In Sandton, most drivers pass a corner without slowing down. In one of Johannesburg’s wealthiest neighborhoods, Rivonia Road and Grayston Drive meet at a bustling, sun-bleached intersection where office buildings and shopping malls typically draw the most attention. However, Sandown High School, a public coeducational institution that has been in operation since 1970 and still operates in the middle of a suburb more known for private education and corporate headquarters than government education, is tucked away behind the commotion of that intersection.
To be honest, it’s a unique location for a public school. Sandton is pricey. The majority of state schools are unable to match the facilities and budgets of the nearby institutions, some of which are independent and some of which are private. Nevertheless, Sandown High continues to operate, employing 40 teachers, serving more than 1,000 students, adhering to the National Senior Certificate curriculum, and reporting a matric pass rate of roughly 73%. That figure is lower than you might anticipate given the school’s location. It is difficult to determine from the outside whether that is a reflection of the school’s student intake, resource limitations, or something more complex. However, it’s a figure to consider.
When Chris Dlamini, the founder of FC Pro Athletico Junior Soccer, returned to the Sandown High grounds in January 2026 with something to prove, the school reentered the local discourse. The excitement of the 2010 FIFA World Cup gave 41-year-old Dlamini the impetus to start his youth academy in 2009. The academy was silent for years after the school added more classrooms and utilized the soccer field for construction overflow. It seems as though Dlamini has been considering this moment for a long time as he returns to those same grounds and reintroduces himself to the Sandton community with a kind of deliberate calm.

His argument is straightforward but unsettling. Too many kids are being discouraged from playing football, not because they aren’t talented, but rather because adults have made the game more about the aspirations of adults than it is about the enjoyment of kids. Dlamini believes that high dropout rates, early talent labeling, and costly training programs for children who are hardly teenagers are all signs of a system that is subtly undermining something significant. “Too often, children are pushed into rigid systems where winning, labels like elite, and adult ambition take priority over enjoyment and development,” he said. Many Sandton parents who pay hefty tuition to get their kids into prestigious academies might object to that. However, the statistics on South African football’s youth dropout rates indicate that Dlamini is making a valid point.
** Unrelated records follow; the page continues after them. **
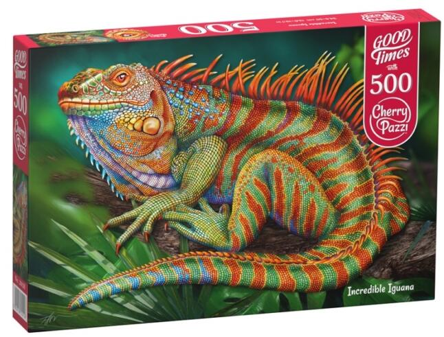 CherryPazzi 500 db-os puzzle -  Incredible Iguana - című képén egy csodálatos leguán látható.  A művész megörökítette ennek a hüllőnek a szépségét a természetben, hogy mindenki élvezhesse.
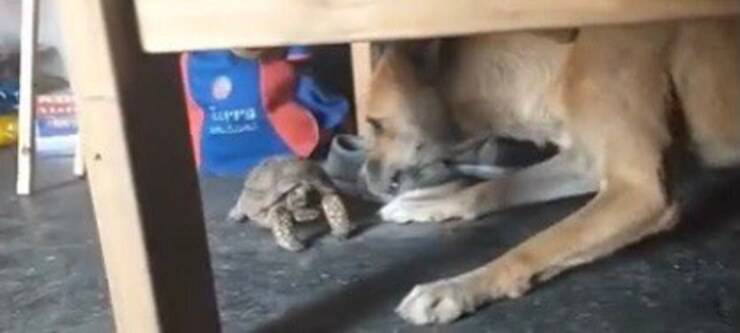 In primo piano ci sono i due animali che probabilmente si concedevano un momento di riposo. La tartaruga però non era proprio rilassatissima e decide che dare fastidio all’amico cane fosse la cosa più divertente da fare.
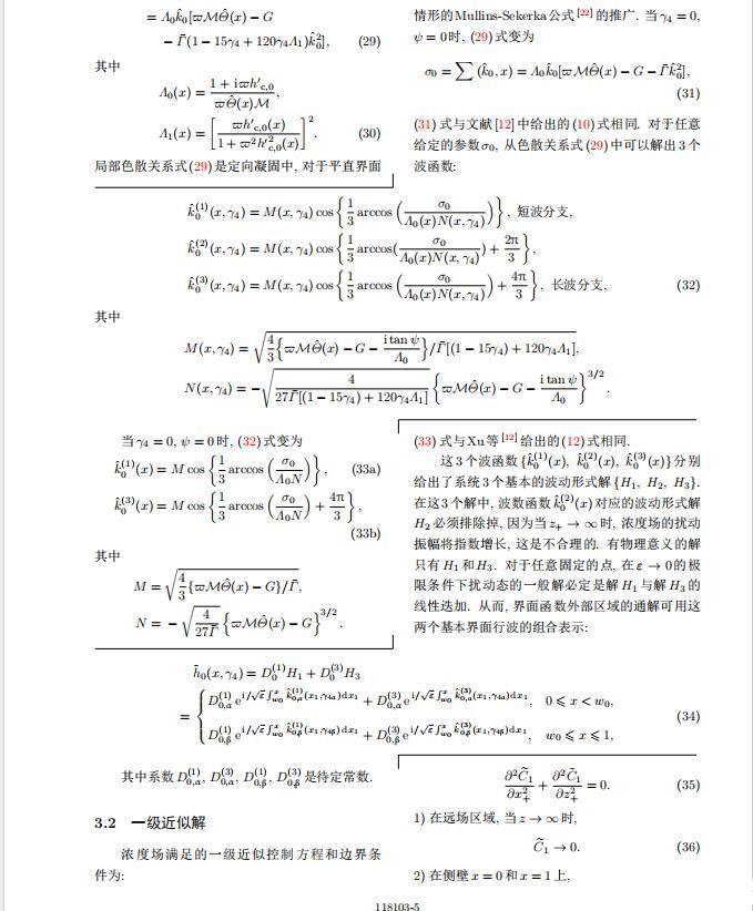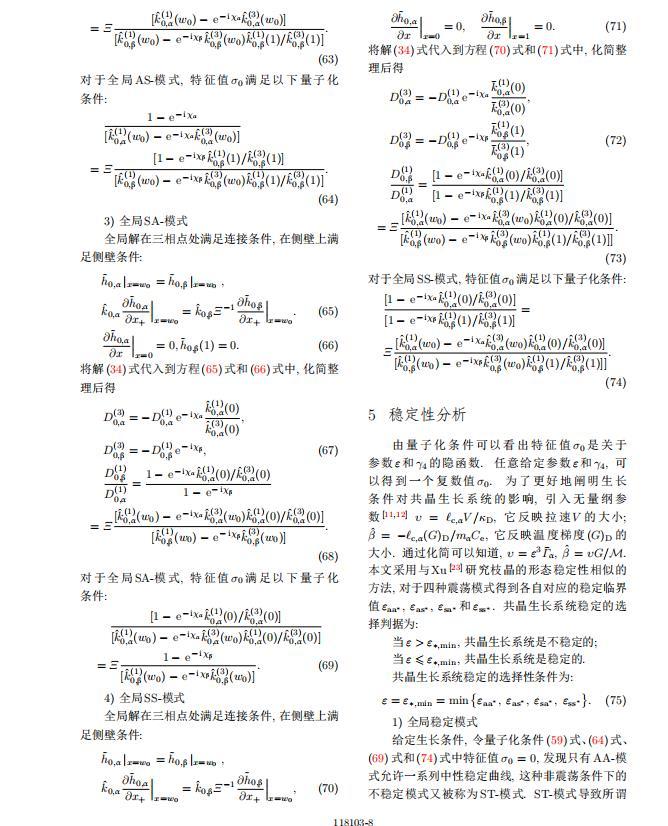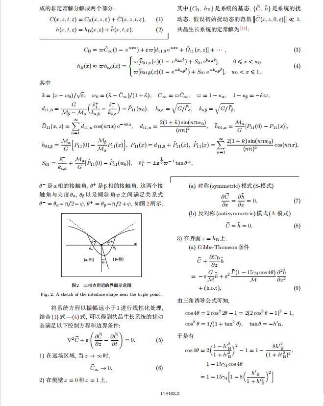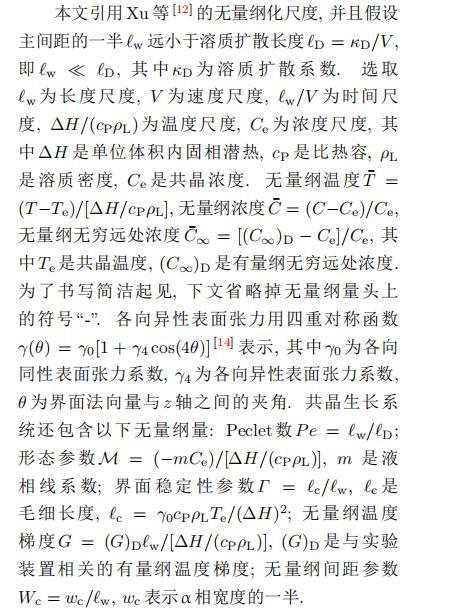 為考察共晶生長形態(tài)穩(wěn)定性,利用共晶生長的定常解作為基態(tài)進(jìn)行穩(wěn)定性分析.在初始時(shí)刻t=0時(shí)對基態(tài)解做一小擾動(dòng),并將在t&gt;0以后形成的非定常解分解成兩個(gè)部分:

Under Dlamini, FC Pro Athletico’s strategy is based on a different priority: let kids enjoy the game first, and let development come from that enjoyment. It sounds clear. When put simply, the majority of things that are actually challenging to accomplish sound simple. Maintaining that balance is difficult when every aspect of youth sports, including school competitions, parental expectations, and commercial academies, pulls in the opposite direction. The field at Sandown High School, which has been reopened for his sessions, serves as a test to see if that philosophy can withstand interaction with the real world.
Inequality is evident everywhere in the district where the school is located. Nearby private schools charge tuition that is far higher than what the majority of South African families make each year. A difficult-to-define middle ground is occupied by Sandown High, a fee-paying public school without boarding facilities. In a suburb that is still, in many respects, figuring out what it wants to be, it serves a truly diverse student body. The school has been in operation for fifty-five years. Refiloe Mpakanyane, a journalist and radio host, is at least one prominent media personality that it has produced. As recently as the Class of 2025 graduation cycle, the school’s media team printed the motto, Mihi Cura Futuri, which roughly translates to “My care is for the future.” A Wikipedia stub and a pass rate don’t fully address the question of whether the institution actually upholds that motto, especially for students from underprivileged backgrounds.